DashMap provides an entry API similar to HashMap. This is useful for atomic check-and-insert operations. You avoid double-locking the shard.

use dashmap::DashMap;

fn main() {
    let map = DashMap::new();

    // WHY: entry() locks the shard and returns an Entry guard.
    // You can inspect or modify the entry without releasing the lock.
    // This prevents race conditions between get and insert.
    let count = map.entry("requests".to_string()).or_insert(0);

    // WHY: Modify the value through the guard.
    // The lock is held during mutation.
    *count += 1;

    // WHY: The guard drops here. The lock releases.
    // The value is now persisted in the shard.
    println!("Count: {}", map.get("requests").unwrap());
}

The entry API is powerful for counters, caches, and lazy initialization. It reduces lock contention by combining lookup and insertion into a single critical section.

Pitfalls and compiler errors

DashMap is safe, but it has behavioral traps. The compiler will not catch all of them.

Blocking on get. DashMap::get blocks the current OS thread if the shard is locked. In a multi-threaded async runtime like Tokio, blocking a worker thread is dangerous. If contention is high, you can starve the runtime. Use try_get if you need non-blocking access. try_get returns None if the shard is locked, allowing you to yield or retry.

Holding guards across await. If you hold a Ref or RefMut guard across an .await, you hold the shard lock across the await. This blocks other tasks from accessing that shard. In a single-threaded runtime, this deadlocks. In a multi-threaded runtime, it reduces concurrency. Always drop the guard before awaiting.

// BAD: Holding guard across await blocks the shard.
let guard = map.get(&key);
tokio::time::sleep(std::time::Duration::from_millis(10)).await;
println!("{}", guard.value()); // Guard still held during sleep.

// GOOD: Clone the value and drop the guard.
let value = map.get(&key).map(|entry| entry.value().clone());
tokio::time::sleep(std::time::Duration::from_millis(10)).await;
if let Some(v) = value {
    println!("{}", v);
}

Non-Send values. DashMap requires keys and values to be Send + Sync. If you try to store Rc<T> or !Send types, the compiler rejects you with E0277. Use Arc<T> instead of Rc<T> for shared values.

Iteration performance. Iterating over a DashMap locks shards sequentially. If other tasks are accessing the map, iteration can be slow or inconsistent. Use iteration sparingly.

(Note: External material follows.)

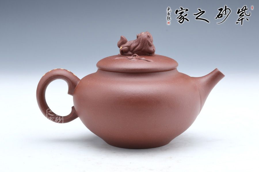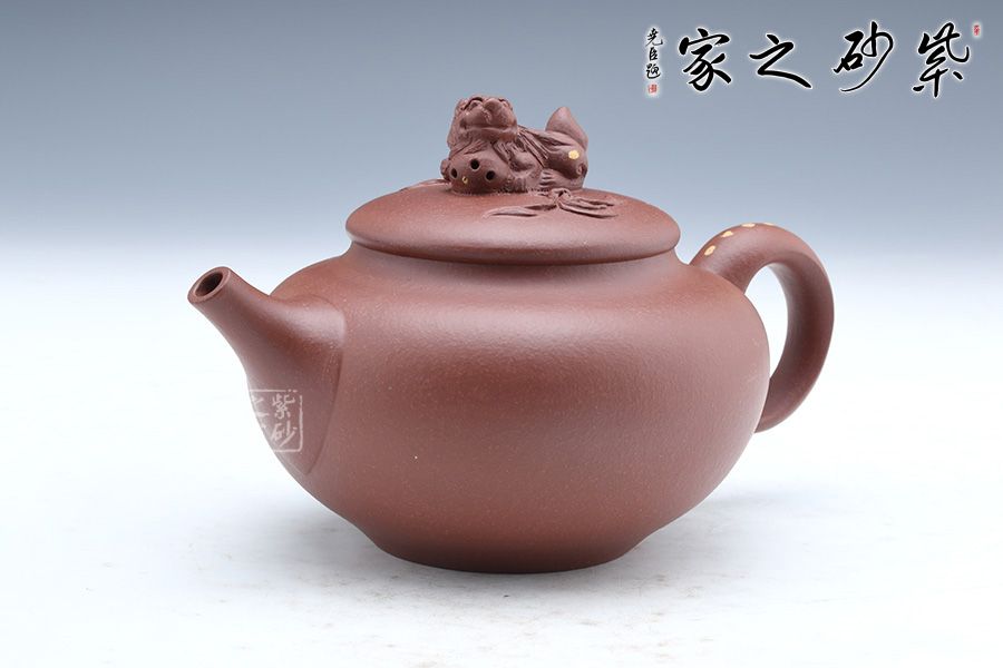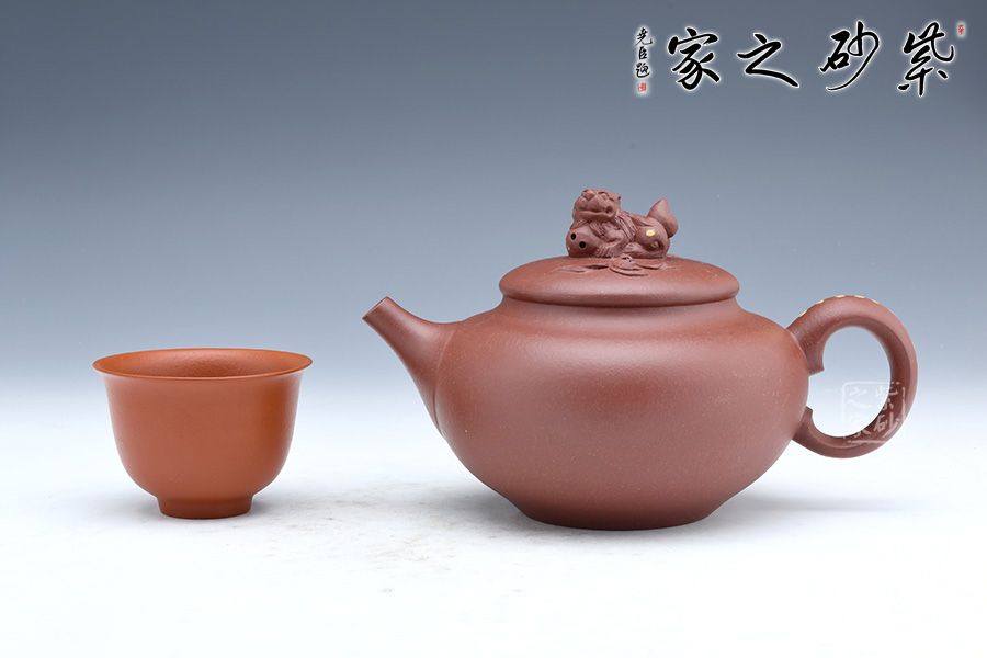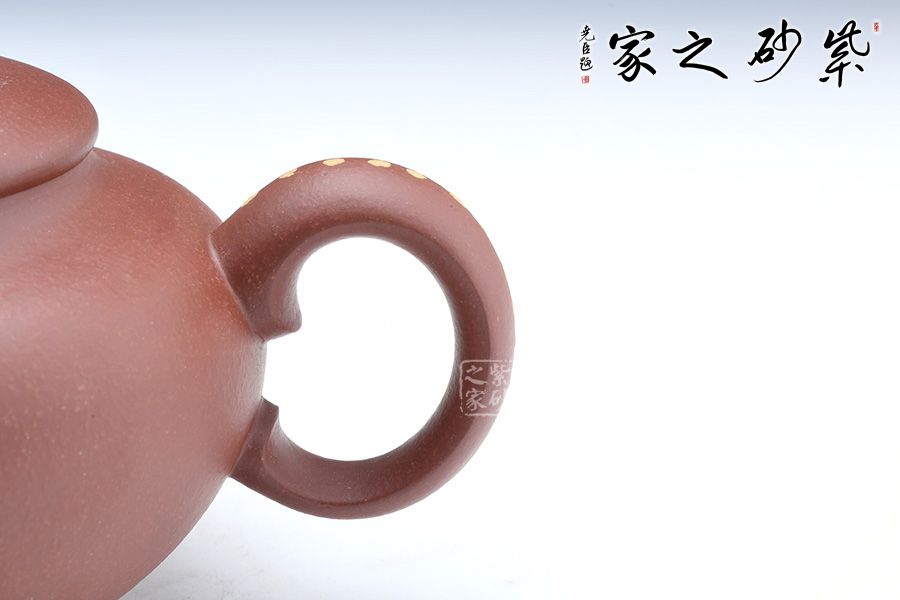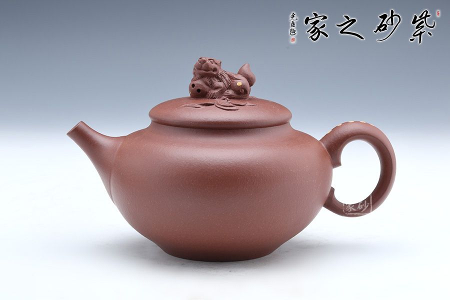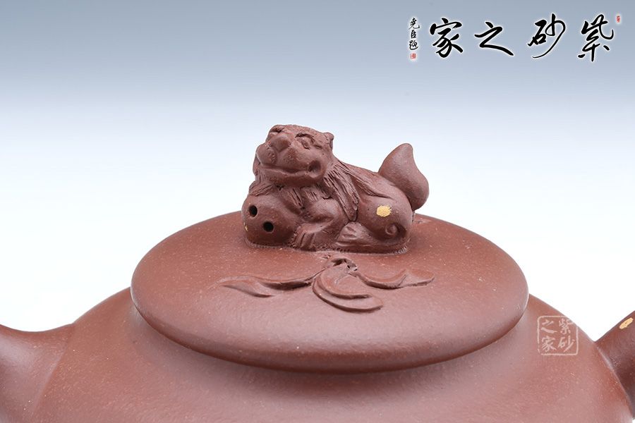 此壺端莊大氣,飽滿大度的壺體,給人以有容乃大的大家風范和氣度。一彎流胥出流暢,張力大,挺翹有力,耳把與之呼應,以醒獅為鈕,懷抱福氣,守住福氣,寓意如意吉祥。

If you need a snapshot, collect the data into a Vec or HashMap first.

Error codes. You will see E0277 when trait bounds fail. You will see E0382 (use of moved value) if you try to use a key after moving it into the map. You will see E0596 if you try to mutate a value without a RefMut. The compiler messages are precise. Read them.

Decision matrix

Choose the right tool for your concurrency pattern.

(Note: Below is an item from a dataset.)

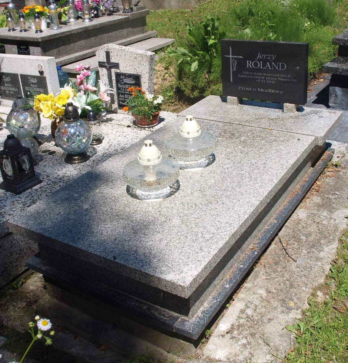 Nagrobek wykonany z jasnego granitu. U wezgłowia ciemna prostokątna stela z napisem memoratywnym: „Jerzy/ ROLAND/ Aktor scen warszawskich./ Zamordowany przez Niemców/ +5 VI 1940/ Prosi o Modlitwę”.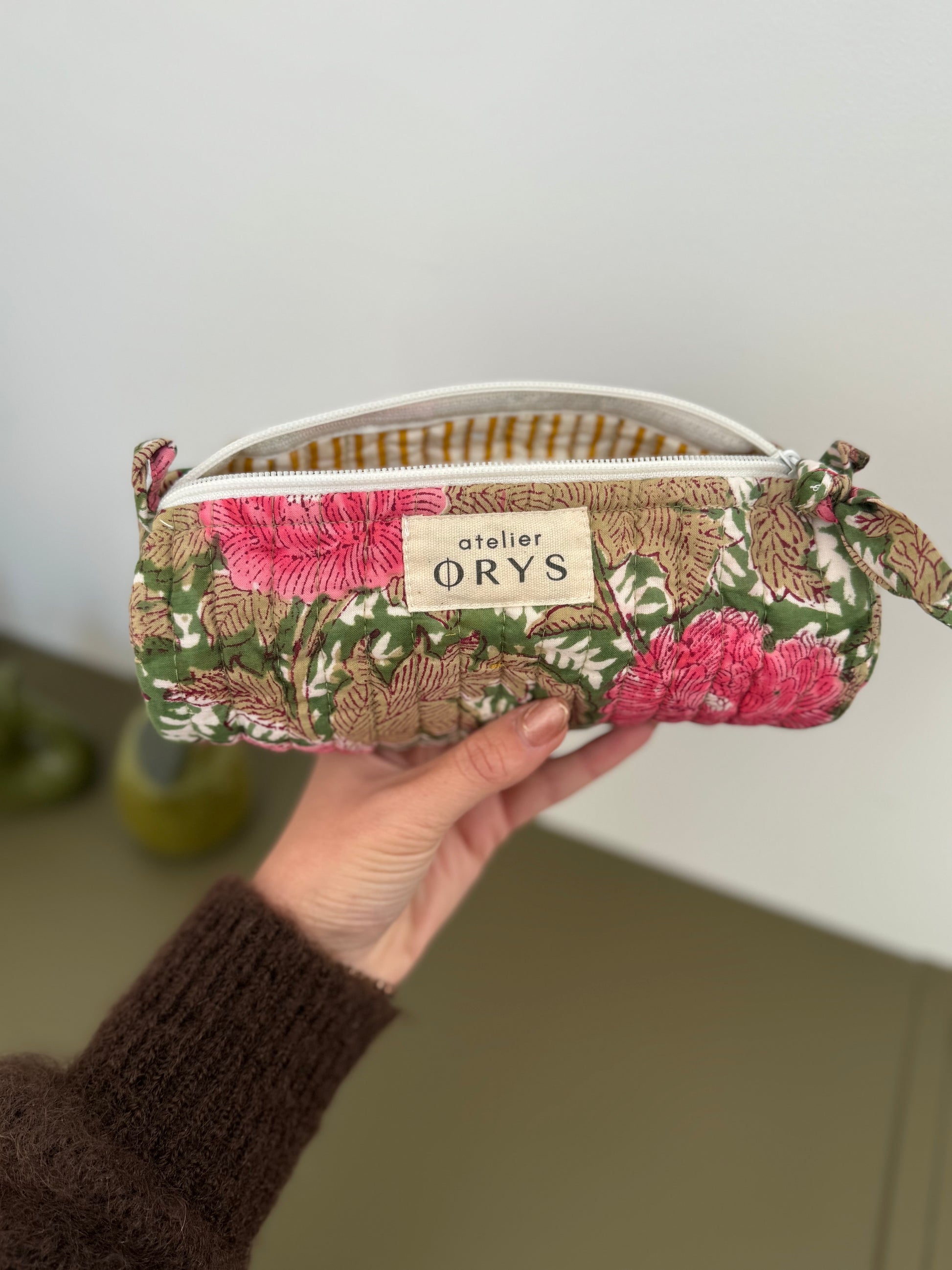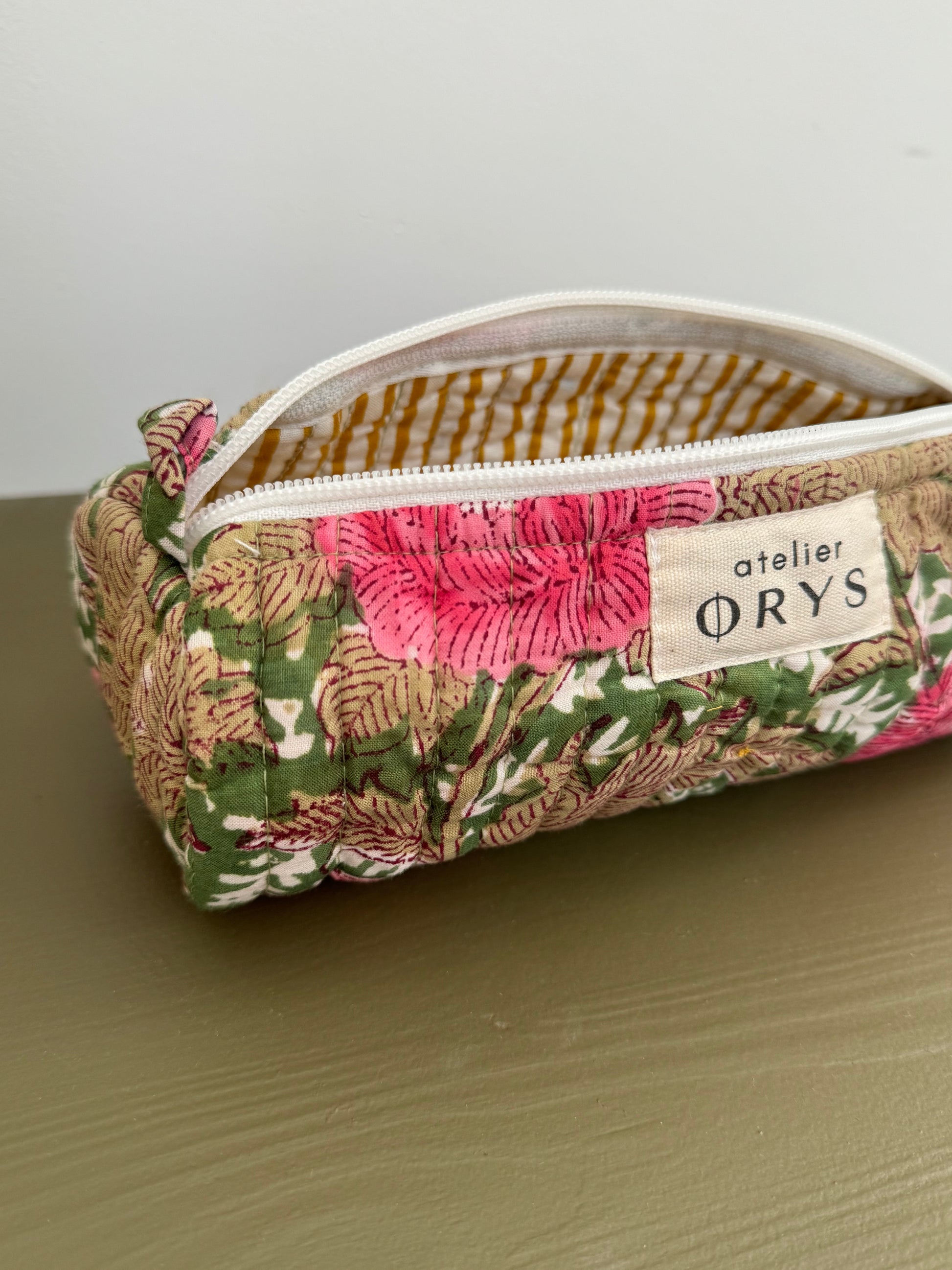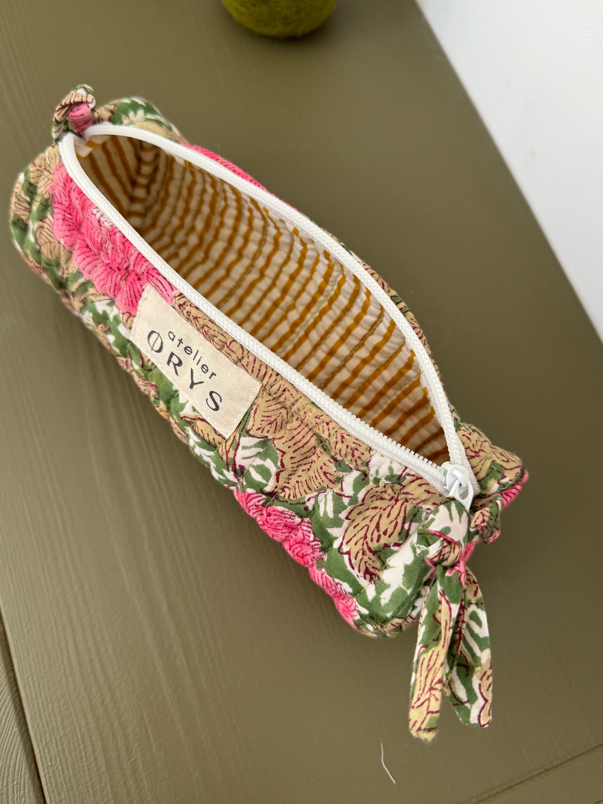 Trousse scolaire matelassée pour crayons en tissu Indien blockprint, motif floral fuchsia et vert

Use DashMap when you need high-concurrency random access with low contention. Use DashMap when you have many tasks performing independent lookups and updates on different keys. Use DashMap when you want to avoid the overhead of Arc<Mutex<HashMap>> for simple key-value operations.

Reach for Mutex<HashMap> when you need atomic operations across multiple keys. Use Mutex<HashMap> when you perform bulk updates or transactions that must be consistent. Use Mutex<HashMap> when iteration performance matters more than concurrent access.

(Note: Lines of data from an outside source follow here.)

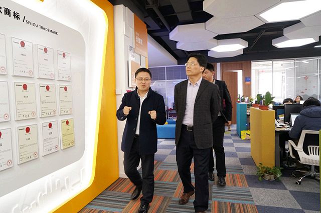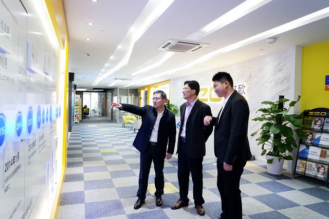 2019年3月15日(周五)下午,西安商務局副局長陳天如蒞臨參觀我司,董事長何旭明熱忱接待,并向陳副局長介紹思億歐公司和產(chǎn)品情況。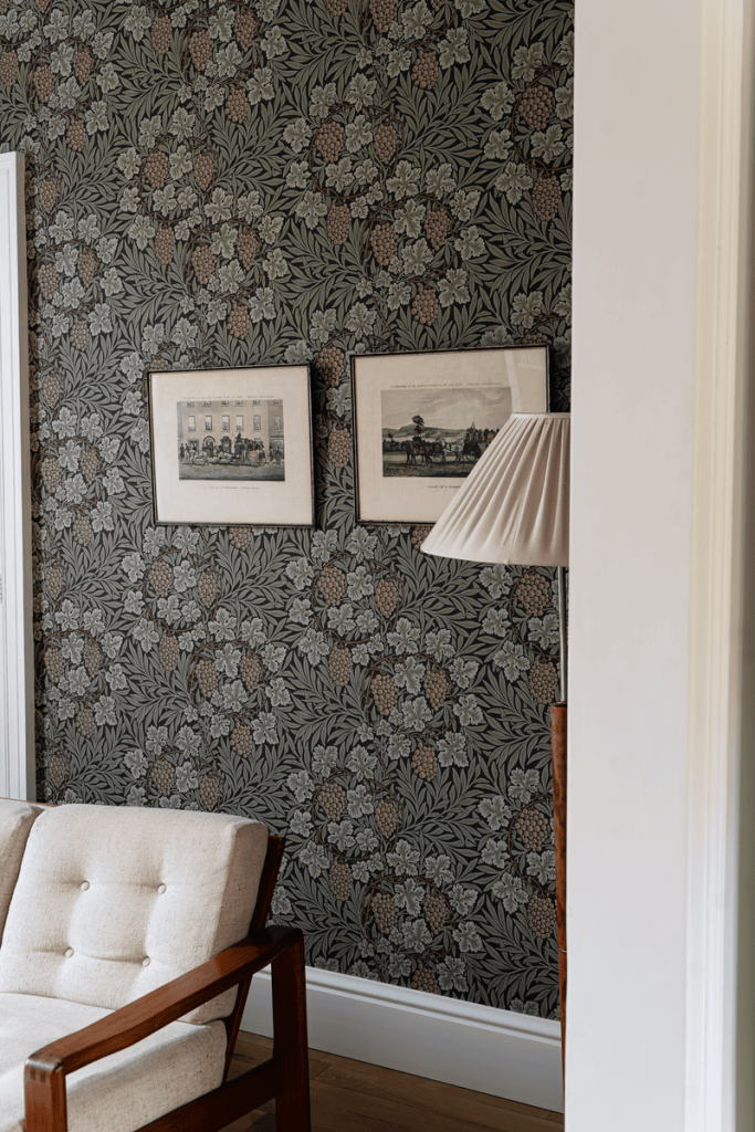 The centrepiece of the room’s transformation is the wallpaper. I had been longing to use a bold, patterned wallpaper somewhere in the house, and the living room felt like the perfect canvas. We chose Vine by William Morris, one of his most iconic designs, featuring rich, trailing grapevines with lush green leaves against a deep black background. It is a design that divides opinion, and we are well aware it is not to everyone’s taste. But for us, it is perfect.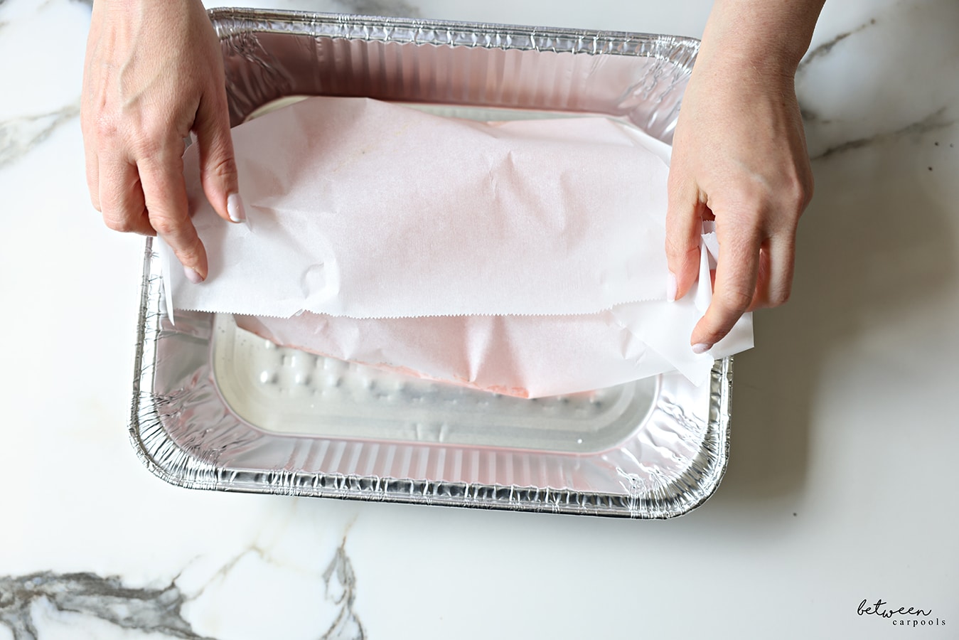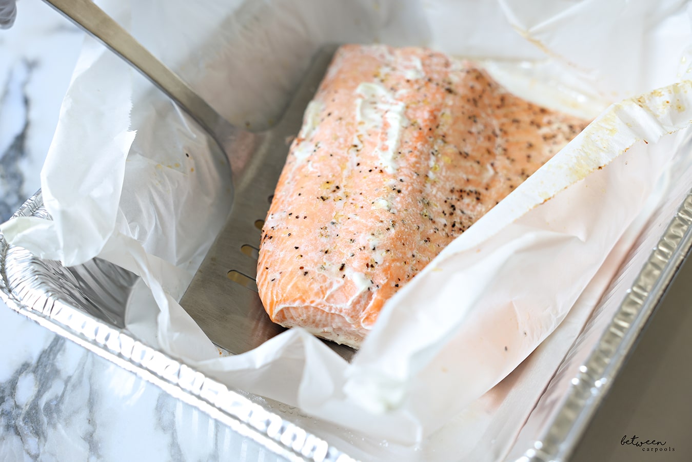 - Preheat oven to 400℉. Place the salmon in a parchment-lined 9 x 13-inch pan. Sprinkle with salt and pepper and smear with the olive oil. Cover the salmon with parchment paper and then with silver foil. This method will “poach” the fish.

Pick RwLock<HashMap> when reads vastly outnumber writes and contention is low. Use RwLock<HashMap> when you can tolerate blocking the entire map for writes but want concurrent reads. Use RwLock<HashMap> when you need async-aware locking via tokio::sync::RwLock.

Select channels when you have a producer-consumer pattern. Use channels when tasks send discrete messages rather than sharing mutable state. Use channels when you want to decouple producers from consumers.

Where to go next

Drop the guard before the await. Sharding wins for random access, loses for iteration. Trust the lock granularity.